Each single-shot coherent diffraction pattern is phase retrieved to acquire an image of each independent nanoparticle following the well-established coherent diffraction imaging procedures[40-42]. This phase retrieval of acquiring a real image is not a fit process but an optimization approach to the inverse problem through numerical iterations following a phasing algorithm[43]. Coherent diffraction patterns were measured with a sampling interval finer than the Nyquist frequency determined by the inverse sample size is used for amplitude modulus of the Fourier transformation of the specimen[44, 45]. The phases of the diffraction patterns are not measured explicitly, but become retrieved from such oversampled coherent diffraction patterns.

The phase retrieval is performed staring with the randomly guessed phase for the first step. The measured amplitude modulus with this random phase is inverse Fourier transformed to render an image in real space. This image, which is usually far from an actual image of the specimen at this initially stage, is further inspected to comply with the rationally imposed constraints such as the extent of the image, positive value in the image density, etc. This constrained image is numerically Fourier transformed to obtain a diffraction pattern with the amplitude modulus and phase. In this stage, the amplitude is replaced with the experimentally measured one while keeping the phase and inverse Fourier transformed to get an image again. Obtained image is constrained again and Fourier transformed back for the diffraction pattern. This process is repeated back and forth and finally converges to render an image of real specimen. As noted in this phase retrieval process, all the measured data are directly and unbiasedly used for imaging, which is clearly distinguished from data fitting process used elsewhere. Detailed descriptions on the phase retrieval process and the algorithm employed are provided (Supplementary Note 2).

Data collections are repeated for each delay time and multiple numbers of images are for the same delay time (Supplementary Figs. 2 and 4).

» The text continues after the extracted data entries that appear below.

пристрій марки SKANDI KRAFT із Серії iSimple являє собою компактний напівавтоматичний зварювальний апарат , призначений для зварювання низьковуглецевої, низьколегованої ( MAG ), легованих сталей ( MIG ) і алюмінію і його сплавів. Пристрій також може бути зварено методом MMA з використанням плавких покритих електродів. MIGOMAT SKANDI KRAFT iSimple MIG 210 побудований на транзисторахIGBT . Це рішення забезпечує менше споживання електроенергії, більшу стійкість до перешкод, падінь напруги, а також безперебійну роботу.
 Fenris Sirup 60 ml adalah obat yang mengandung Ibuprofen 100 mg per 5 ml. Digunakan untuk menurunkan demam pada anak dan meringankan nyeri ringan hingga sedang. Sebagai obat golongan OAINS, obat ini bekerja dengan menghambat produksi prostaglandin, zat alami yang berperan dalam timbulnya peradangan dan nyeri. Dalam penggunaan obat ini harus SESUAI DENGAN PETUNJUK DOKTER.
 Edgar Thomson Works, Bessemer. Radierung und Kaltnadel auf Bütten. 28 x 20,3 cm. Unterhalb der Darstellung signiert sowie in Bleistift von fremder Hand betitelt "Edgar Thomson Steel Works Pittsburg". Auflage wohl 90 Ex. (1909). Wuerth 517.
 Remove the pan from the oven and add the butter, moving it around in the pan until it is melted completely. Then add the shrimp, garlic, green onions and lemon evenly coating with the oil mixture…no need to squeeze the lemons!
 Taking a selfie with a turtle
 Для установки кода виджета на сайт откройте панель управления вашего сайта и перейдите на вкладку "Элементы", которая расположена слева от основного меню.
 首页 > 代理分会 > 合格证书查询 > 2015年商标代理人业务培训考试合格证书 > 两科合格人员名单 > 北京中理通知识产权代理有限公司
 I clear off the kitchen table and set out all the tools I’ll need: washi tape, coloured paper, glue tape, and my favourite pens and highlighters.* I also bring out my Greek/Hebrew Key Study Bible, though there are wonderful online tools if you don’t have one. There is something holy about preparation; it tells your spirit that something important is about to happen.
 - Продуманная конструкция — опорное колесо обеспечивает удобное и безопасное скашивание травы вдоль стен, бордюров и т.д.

An image well delivering the average behavior of the images of the same delay time is chosen to represent the image of the given delay time.

Atomistic two-temperature molecular dynamics simulations

TTMD simulations were carried out with an unsupported 10 nm nanosphere made of Au atoms arranged in the face centered cubic crystal symmetry. An embedded-atom-method (EAM) and the MD time step of 0.7 fs were used. The nanosphere was first equilibrated at 300 K for 2 ps. The nonequilibrium states of the electronic and ionic systems of the Au nanosphere melting upon ultrashort laser irradiation were described by combining the atomistic molecular dynamics with the two-temperature model (see Supplementary Note 3 for the details of the TTMD method). The incident laser fluence and the pulse duration were 870 mJ cm-2 and 50 fs. The TTMD simulations were performed on spherical grids with energy absorption from the oscillating plasma wave with isotropic and anisotropic field enhancements (Supplementary Note 3).